Zimbabwe is moving to control the cryptocurrency market
Zimbabwe’s government said on Friday that cryptocurrency companies will have to register and pay annual fees. The goal is to bring the mostly unregulated market under government control.
Finance Minister Mthuli Ncube said that businesses that buy, sell, move, or store virtual assets must register with the Financial Intelligence Unit (FIU) every year. The FIU is an anti-money laundering body that is part of the central bank.
Registration is now illegal without one, and it will cost $500 a year to do so.
How Crypto Is Used in Zimbabwe
These rules are Zimbabwe’s first specific rules for a sector that has mostly been operating illegally for a long time.

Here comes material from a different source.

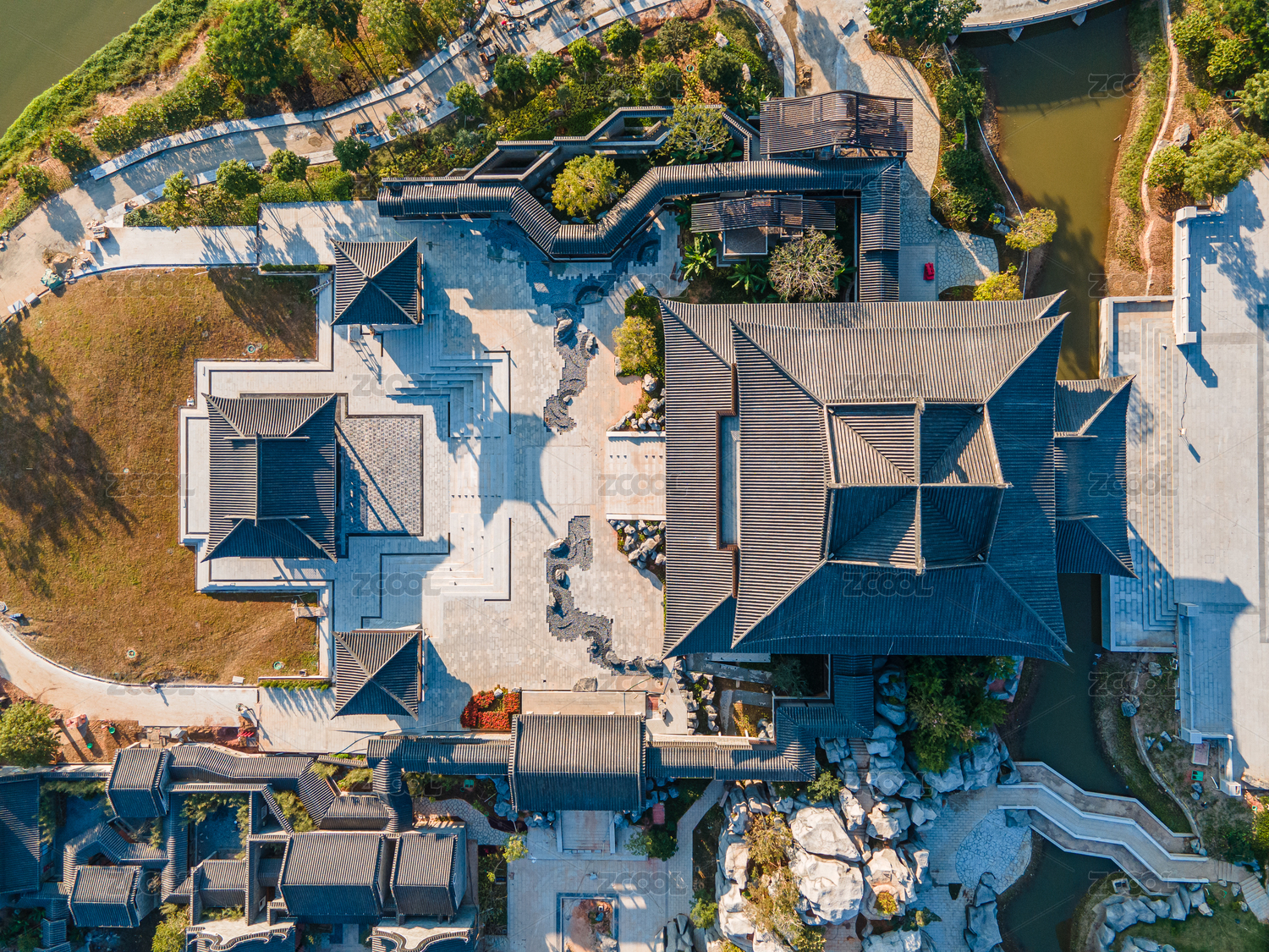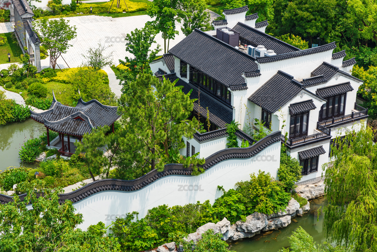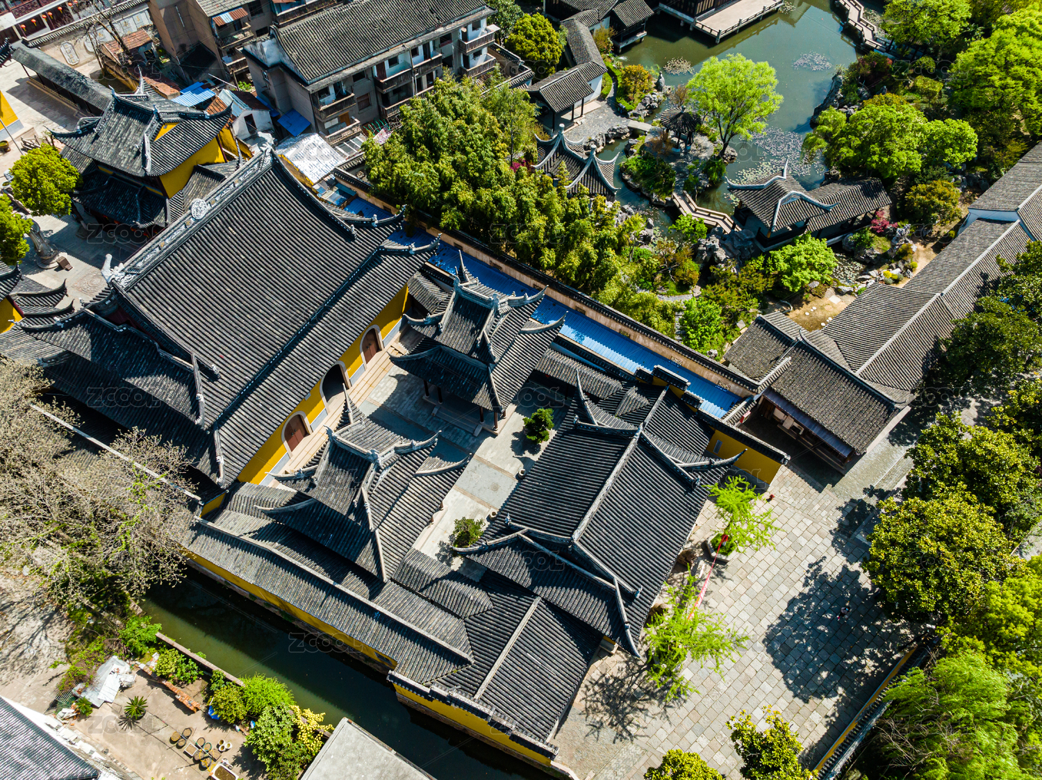 小镇粉墙黛瓦古建筑群生态景观,高视角

In 2018, the government made it illegal for banks to trade cryptocurrency. This forced traders to use peer-to-peer sites and social media instead.
In the late 2000s, hyperinflation wiped out savings and retirement. People also lost faith in the banking system as a result of frequent currency fluctuations. These factors made people look for Bitcoin and other digital currencies as alternatives to traditional money as ways to store value and send money.
The most expensive way to send money is through banks, according to the World Bank’s Remittance Prices Worldwide study. Remittances have helped drive adoption.
The move by Zimbabwe is part of a larger global push to control cryptocurrencies after a string of high-profile exchange failures, fraud cases, and worries about money laundering.
It joins South Africa, Nigeria, Kenya, and Mauritius as more African countries regulate digital assets. The move is because the use of cryptocurrencies is growing quickly across the region.
“This is a welcome development… It’s also good for traders that they don’t have to operate underground,” Jeffrey Mutambiranwa, a crypto trader in Harare, told Reuters. “Sub-Saharan Africa received more than $205 billion in on-chain value,” which is the total dollar value of cryptocurrency transactions recorded on blockchains, from July 2024 to June 2025. This is a 52% year-over-year increase.